Transcribe the whole listing exactly, but do not carry over its pictures.

DATASET EXTRACT
^^^^

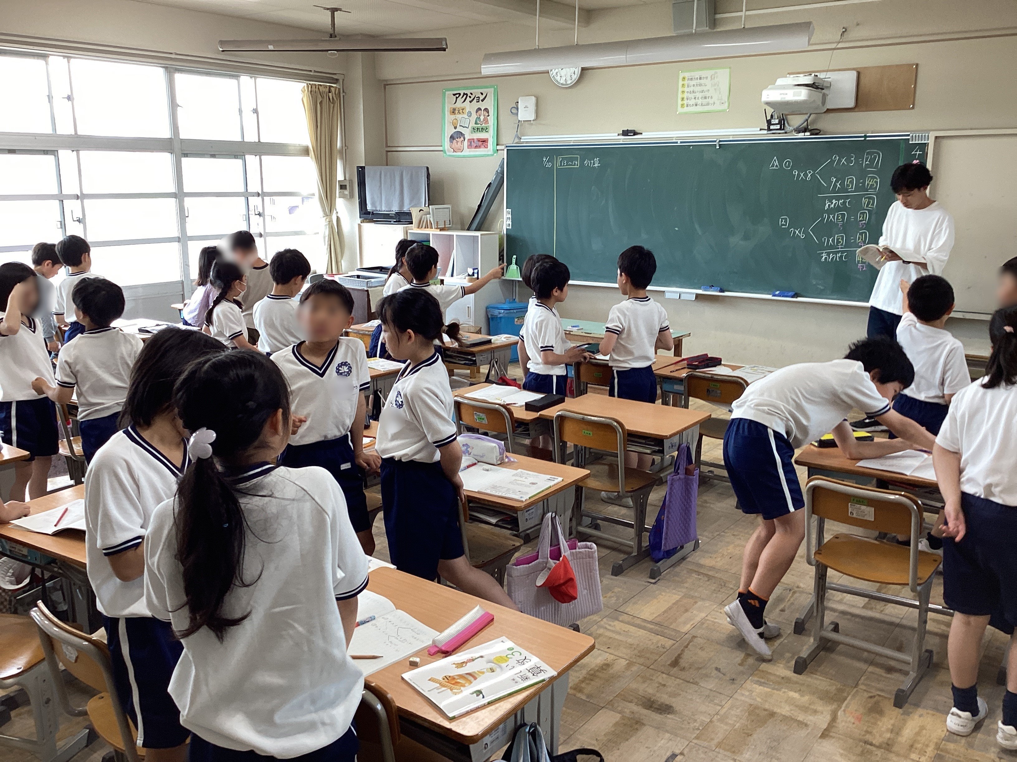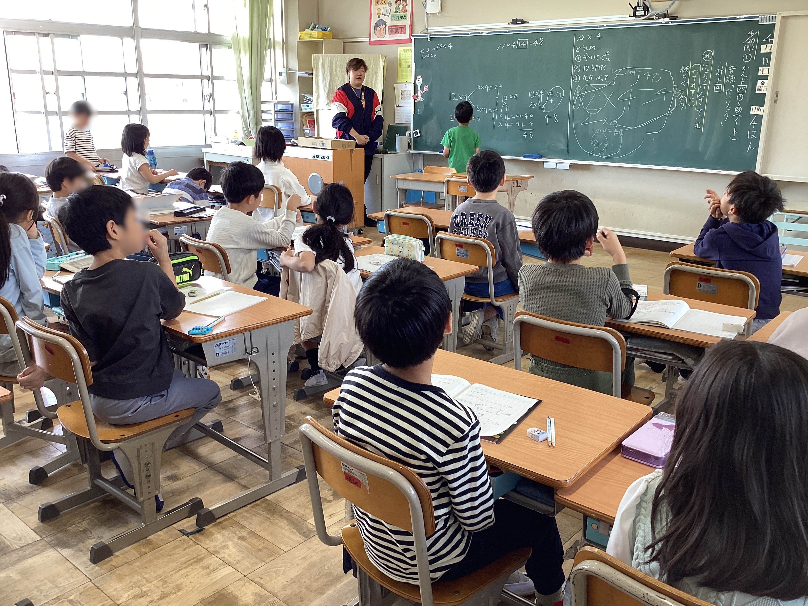 3年生の算数では、12×4の計算の仕方を子どもたちが考え、前に出てきて黒板に書きながら説明していました。みんなにとって分かりやすいように説明することはとても大切な技能ですし、説明することで思考も整理できますね。
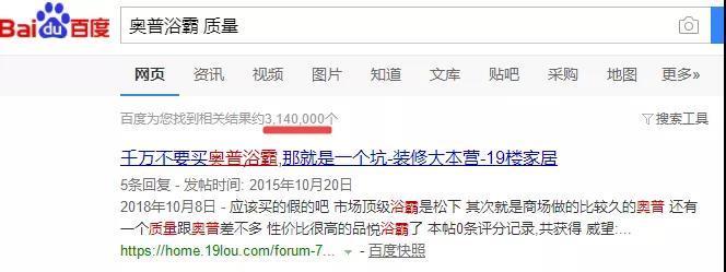 时间财经在百度搜索“奥普浴霸 质量”发现,共出现314万结果,奥普浴霸质量问题被消费者极大关注。
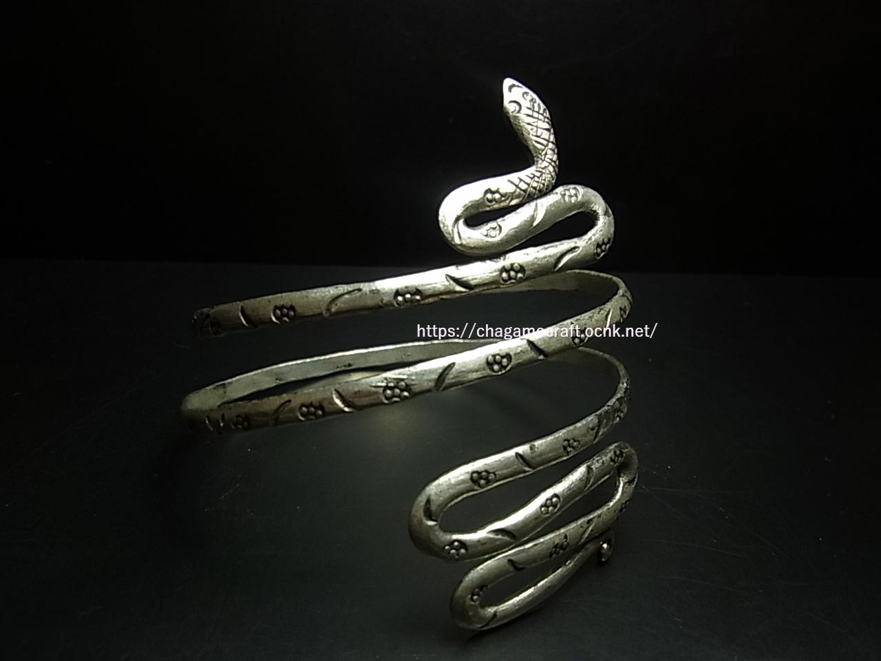ミャオ族(苗族)のシルバーブレスレット(苗銀製)蛇・トラディショナル

^^^^

REPLY TO THE EXERCISE
 3年生の算数では、12×4の計算の仕方を子どもたちが考え、前に出てきて黒板に書きながら説明していました。みんなにとって分かりやすいように説明することはとても大切な技能ですし、説明することで思考も整理できますね。
 时间财经在百度搜索“奥普浴霸 质量”发现,共出现314万结果,奥普浴霸质量问题被消费者极大关注。
ミャオ族(苗族)のシルバーブレスレット(苗銀製)蛇・トラディショナル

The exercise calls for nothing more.